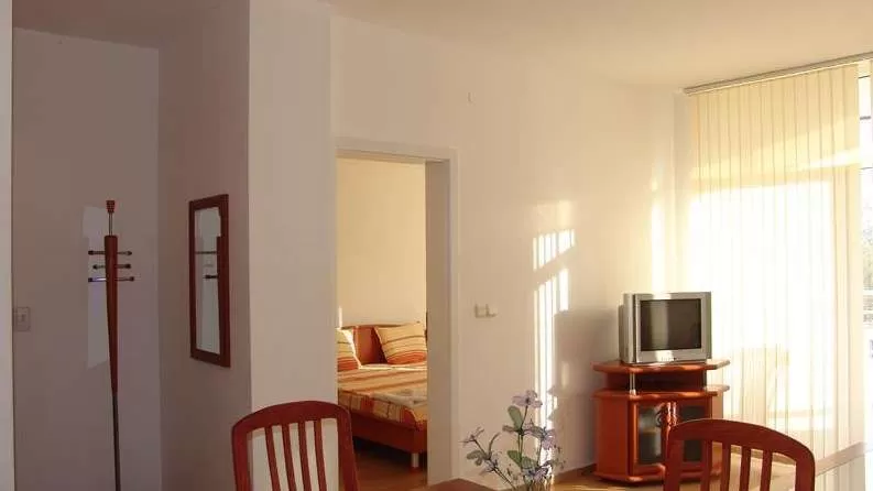 Апартамент с двумя спальнями: кухня, гостиная с раздвижным диваном, 2 спальни, ванная комната с душем.
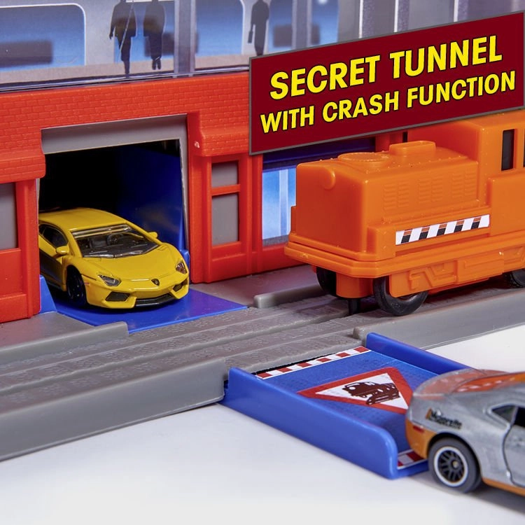 Stația de alimentare și stația feroviară au efecte luminoase și sonore, plus o locomotivă cu vagon pentru și mai multe scenarii de joacă.
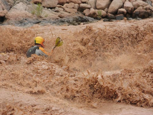 In 1997, a flash flood changed the rapid... making it even harder. It's now a series of five waves, each one bigger than the previous one, with the last one easily reaching 20 feet high. The flood also removed the 'cheat route' along the left side of the waves.
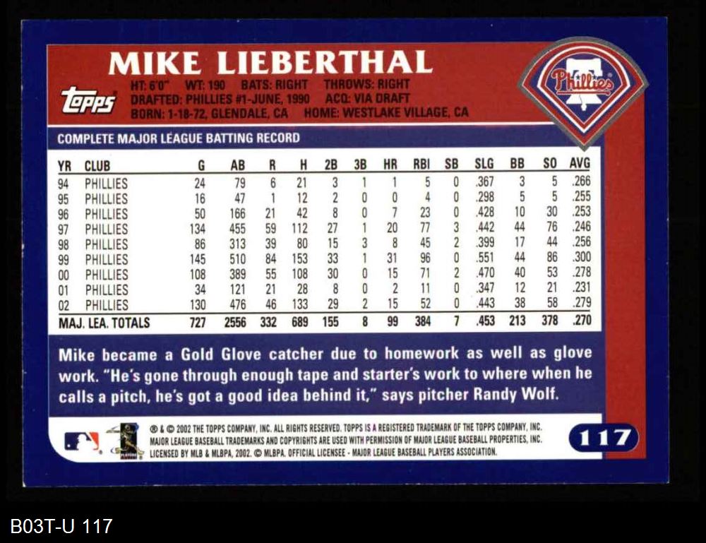 2003 Topps #117 Mike Lieberthal 8 - NM/MT

**WORK INSTRUCTIONS**. Only the pictures are to be left out, and all of the data must otherwise be transcribed exactly.

**SOLUTION FOR THIS EXERCISE**.
 Апартамент с двумя спальнями: кухня, гостиная с раздвижным диваном, 2 спальни, ванная комната с душем.
 Stația de alimentare și stația feroviară au efecte luminoase și sonore, plus o locomotivă cu vagon pentru și mai multe scenarii de joacă.
 In 1997, a flash flood changed the rapid... making it even harder. It's now a series of five waves, each one bigger than the previous one, with the last one easily reaching 20 feet high. The flood also removed the 'cheat route' along the left side of the waves.
 2003 Topps #117 Mike Lieberthal 8 - NM/MT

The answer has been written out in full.